The oil & water states kept up their fight, and understandably: Texas in one year got $14 million for school money from tideland royalties. Oil interests sided with the states: they liked the leases they already had, found state legislatures easier to deal with than the Federal Government, and had a well-grounded dislike of federal regulation. Last week, by a vote of 265 to 109, the House whooped through the Walters bill, so neatly contrived and so solidly directed against the tendency of the Federal Government to grab everything in sight that many a land-locked Congressman found it hard to resist. The man behind it was Speaker Sam Rayburn of Texas, and he was openly defying his great and good friend in the White House.
The Walters bill not only hands back the marginal lands to the seaboard states; it guarantees that any state will have exclusive rights to anything that may be discovered under its navigable lakes and rivers. For Texas, there is a special bonus: Texas will get control of the sea for three leagues (10 1/2 miles) from shore (because the Texas frontier was thus defined when she joined the union in 1845). And another provision grants all seaboard states 37 1/2% of anything the Federal Government manages to dig up beyond the marginal seas--clear to the edge of the broad continental shelf (which stretches out about 100 miles along the Gulf of Mexico).

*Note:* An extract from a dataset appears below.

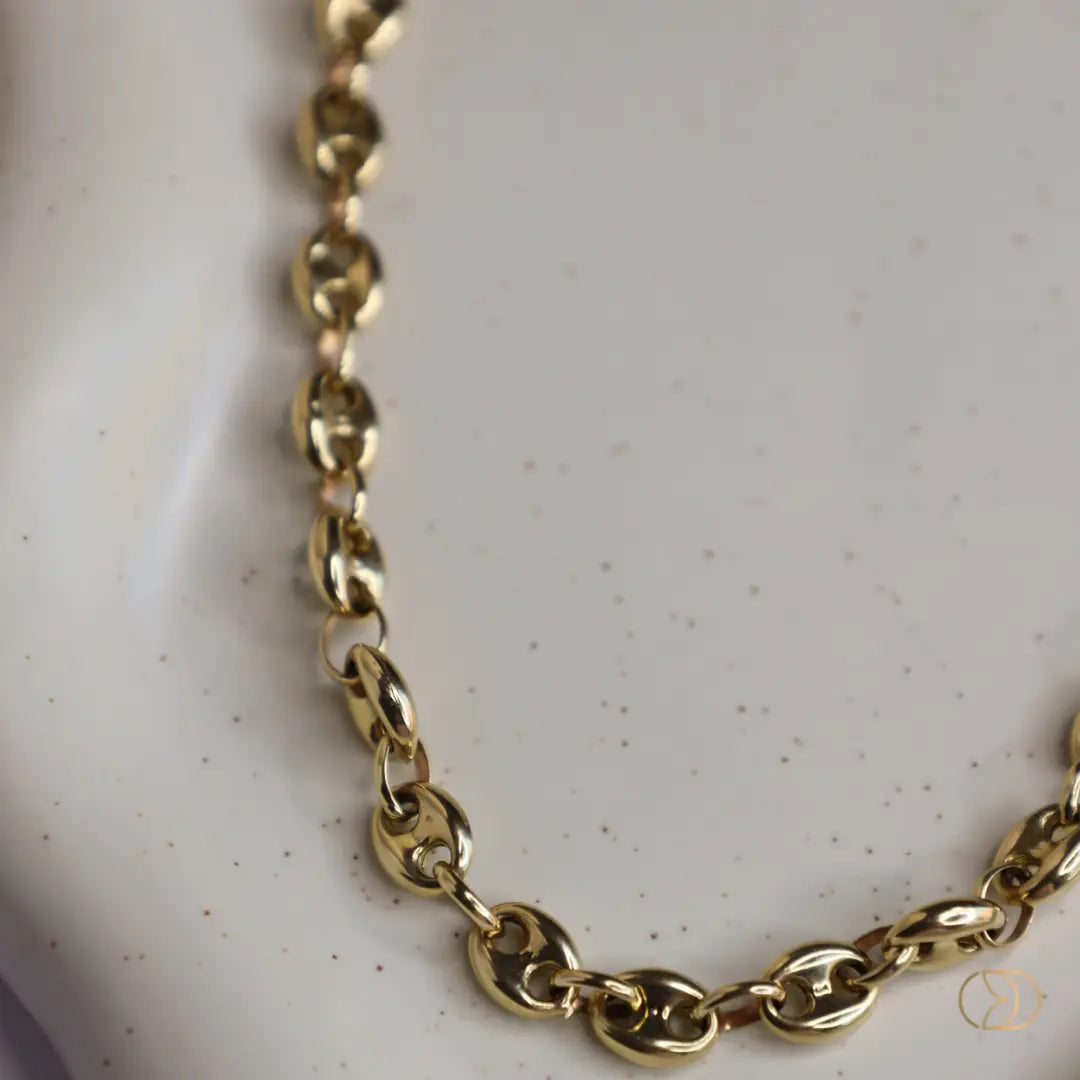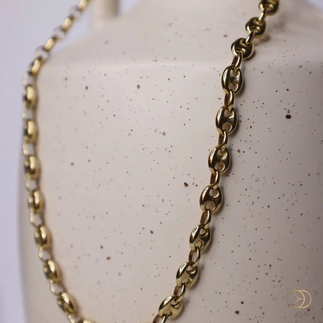 La cadena marinera puff de oro 14k es una pieza de joyería elegante y atemporal, conocida por su distintivo diseño de eslabones ovalados inspirados en las cadenas náuticas. Elaborada en oro de 14 quilates, esta cadena destaca por su acabado abombado o "puff", que le otorga un volumen suave y brillante, realzando su presencia sin perder la comodidad
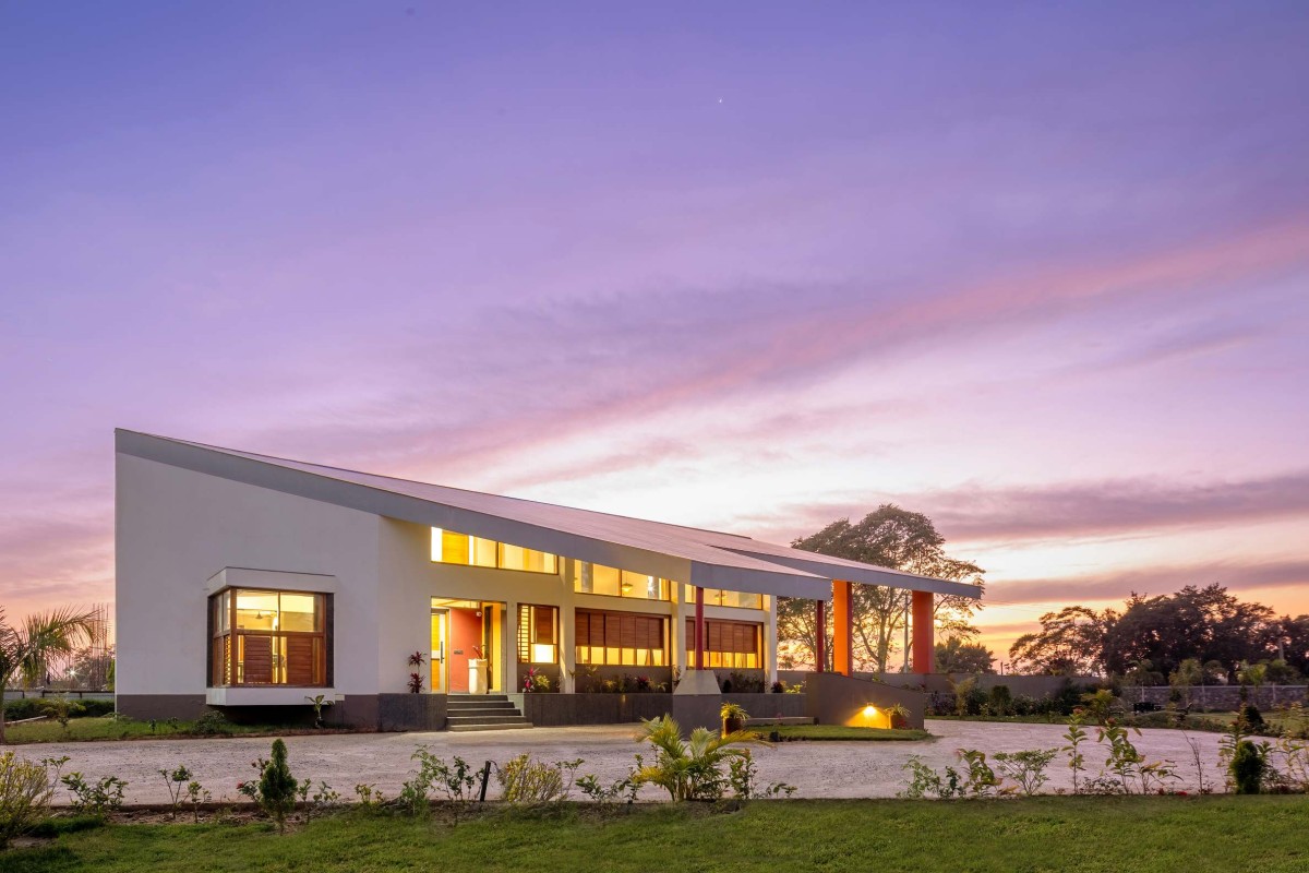 Dusk light exterior view of House at Randheja by Studio 4000

It was a long, long reach which--if it should get past the Senate--will probably run into a presidential veto.
Last week the House also:
P:Passed, by voice vote, the Battle bill empowering the President to halt military and economic aid to any nation selling "arms, ammunition, implements of war and atomic energy materials" to Communist countries (a more workable version of the Kem amendment, which the Administration has pigeonholed).
The Senate:
P:Heard a subcommittee on elections excoriate the "despicable 'back street' type of campaign" which helped elect Baltimore Republican John Marshall Butler, unhorsed Maryland's Democratic Senator Millard Tydings. There wasn't enough legal evidence to warrant kicking Butler out of the Senate, said the committee, but in the future such "defamation, slander and libel" by a candidate's agents should be made reason enough. Joe McCarthy had been "actively interested" in the Butler campaign and the subcommittee thought a "sitting Senator" involved in another's campaign shenanigans should be made just as liable. The subcommittee's report was unanimous, signed not only by three Democrats, but by two Republicans, Maine's doughty Margaret Chase Smith and New Jersey's Robert Hendrickson. This week, Connecticut Democrat Bill Benton, taking his cue from the report, formally demanded McCarthy's resignation or expulsion from the U.S. Senate.
* Measured seaward three miles from the low tide line, and commonly called tidelands, although tidelands technically lie between low and high tide marks.